** Task goal **
The output is the lines below from the one with "Figure 5. ICA" through the one with "and network display.", both included, printed exactly and with no other line.

** Data provided **
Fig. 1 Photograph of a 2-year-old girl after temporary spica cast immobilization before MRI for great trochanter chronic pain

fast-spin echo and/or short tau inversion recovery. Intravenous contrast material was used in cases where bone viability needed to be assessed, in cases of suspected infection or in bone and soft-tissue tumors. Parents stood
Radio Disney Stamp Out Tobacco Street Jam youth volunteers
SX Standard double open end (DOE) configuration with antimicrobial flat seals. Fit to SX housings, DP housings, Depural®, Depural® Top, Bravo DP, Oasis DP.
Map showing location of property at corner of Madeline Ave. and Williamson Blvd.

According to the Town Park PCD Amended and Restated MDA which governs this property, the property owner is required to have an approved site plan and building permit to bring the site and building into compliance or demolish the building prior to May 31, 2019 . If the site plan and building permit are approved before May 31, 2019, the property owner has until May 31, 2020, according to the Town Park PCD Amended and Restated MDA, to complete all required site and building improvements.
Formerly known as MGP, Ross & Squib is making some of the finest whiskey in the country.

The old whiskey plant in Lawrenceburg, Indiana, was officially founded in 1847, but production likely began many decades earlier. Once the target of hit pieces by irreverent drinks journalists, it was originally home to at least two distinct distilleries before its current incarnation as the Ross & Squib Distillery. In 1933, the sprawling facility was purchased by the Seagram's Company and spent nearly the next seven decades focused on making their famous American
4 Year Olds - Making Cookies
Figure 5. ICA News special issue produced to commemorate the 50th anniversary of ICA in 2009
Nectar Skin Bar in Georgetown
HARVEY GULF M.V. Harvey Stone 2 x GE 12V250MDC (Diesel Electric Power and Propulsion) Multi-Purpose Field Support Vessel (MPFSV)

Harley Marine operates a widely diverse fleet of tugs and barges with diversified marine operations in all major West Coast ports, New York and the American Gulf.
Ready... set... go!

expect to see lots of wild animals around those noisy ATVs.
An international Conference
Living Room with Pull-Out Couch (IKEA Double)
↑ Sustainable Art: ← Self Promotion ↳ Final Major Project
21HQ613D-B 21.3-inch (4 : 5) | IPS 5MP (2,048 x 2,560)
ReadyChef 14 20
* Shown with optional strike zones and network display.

==

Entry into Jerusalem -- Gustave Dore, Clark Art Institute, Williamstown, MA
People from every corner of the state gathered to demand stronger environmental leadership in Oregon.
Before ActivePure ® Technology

** Answer to the problem **
Figure 5. ICA News special issue produced to commemorate the 50th anniversary of ICA in 2009
Nectar Skin Bar in Georgetown
HARVEY GULF M.V. Harvey Stone 2 x GE 12V250MDC (Diesel Electric Power and Propulsion) Multi-Purpose Field Support Vessel (MPFSV)

Harley Marine operates a widely diverse fleet of tugs and barges with diversified marine operations in all major West Coast ports, New York and the American Gulf.
Ready... set... go!

expect to see lots of wild animals around those noisy ATVs.
An international Conference
Living Room with Pull-Out Couch (IKEA Double)
↑ Sustainable Art: ← Self Promotion ↳ Final Major Project
21HQ613D-B 21.3-inch (4 : 5) | IPS 5MP (2,048 x 2,560)
ReadyChef 14 20
* Shown with optional strike zones and network display.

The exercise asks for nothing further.